48。2人の指導者は、日本の河口2025大阪2025の成功に向けて緊密に調整することに同意した。日本政府は、参加中にベトナムに有利な条件を作成し続けることを約束しています。ベトナムは、2027年に日本の横浜で開催された国際園芸展に積極的に参加することを検討することを誓約しています。
49。2人の指導者は、自由貿易をさらに促進することに同意し、CPTPPおよびRCEP契約を含む自由貿易協定の完全かつ効果的かつ透明な実施を確保するために、関連当事者と調整する必要性を確認した。 2人のリーダーは、CPTPPの高い基準への順守を維持するために他のメンバーと協力することの重要性を強調し、両国だけでなく、地域と世界の安定性と繁栄にとっても重要な利益を確保しました。 2人のリーダーは、両国とインド太平洋地域の人々、経済、企業に具体的な利益をもたらすために、繁栄のためのインド太平洋経済枠組み(IPEF)のこれまでの進歩を歓迎しました。

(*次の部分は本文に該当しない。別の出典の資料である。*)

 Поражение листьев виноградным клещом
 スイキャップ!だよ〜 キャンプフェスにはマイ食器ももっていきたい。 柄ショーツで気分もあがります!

50。2人の指導者は、ASEANによって歓迎されてきた気候と環境に関するASEAN戦略プログラム(スペース)を含む、持続可能な開発目標、気候変動、災害リスクの削減、環境資源管理、環境保護、循環経済などの分野における両国間の積極的な協力の重要性を確認しました。 2人の指導者は、持続可能な開発のための2030年のアジェンダ、気候変動に関するパリ協定、災害リスク削減に関する艦隊の枠組みを含む、持続可能な開発に関する両国間のグローバルな協定とコミットメントの実施における進展を歓迎しました。
51。キシダ首相は、2050年までにゼロ排出量をゼロゼロ排出量を確保するために、ベトナムと協力する準備ができていることを確認し、2045年までに発展途上国になりましたition(jetp)。また、キシダ首相は、経験を共有し、技術を移転し、日本からの人材の訓練を上記の枠組みを通じて、ベトナムの政策と機関の構築に協力する意向を表明しました。同時に、キシダ首相は、プラスチック廃棄物を減らし、循環経済への移行を加速するためのベトナムの努力を支援する準備ができていることを強調しました。

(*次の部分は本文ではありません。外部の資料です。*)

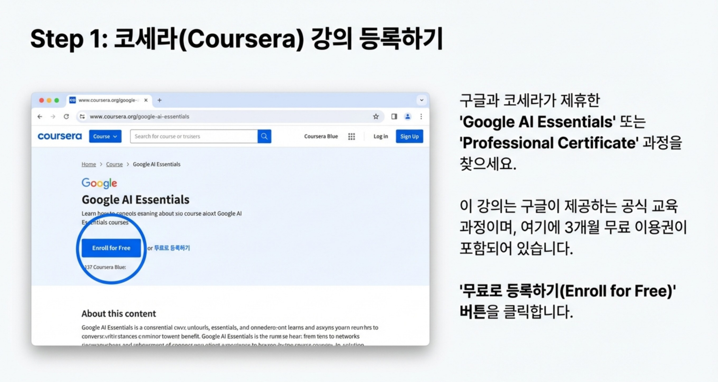 이 방법은 꼼수나 불법이 아닌, 코세라(Coursera) 강좌와 연계된 구글의 공식 프로모션입니다. 이미 많은 분들이 등록해서 혜택을 보고 있으며, 프로모션이 언제 조기 종료될지 모르니 영상이나 글을 보셨다면 지금 바로 신청하시는 것을 강력히 추천합니다.

52。ヴァン・トゥオン大統領と彼の妻は、大統領、彼の妻、ベトナム代表団に与えられた温かく敬意を払ってくれた皇帝と皇后皇帝、キシダ首相と日本の人々に心から感謝しました。
ヴァン・トゥオン大統領は、キシダ首相を都合の良い時間にベトナムを訪問するよう招待し、キシダ首相は招待に感謝を表明した。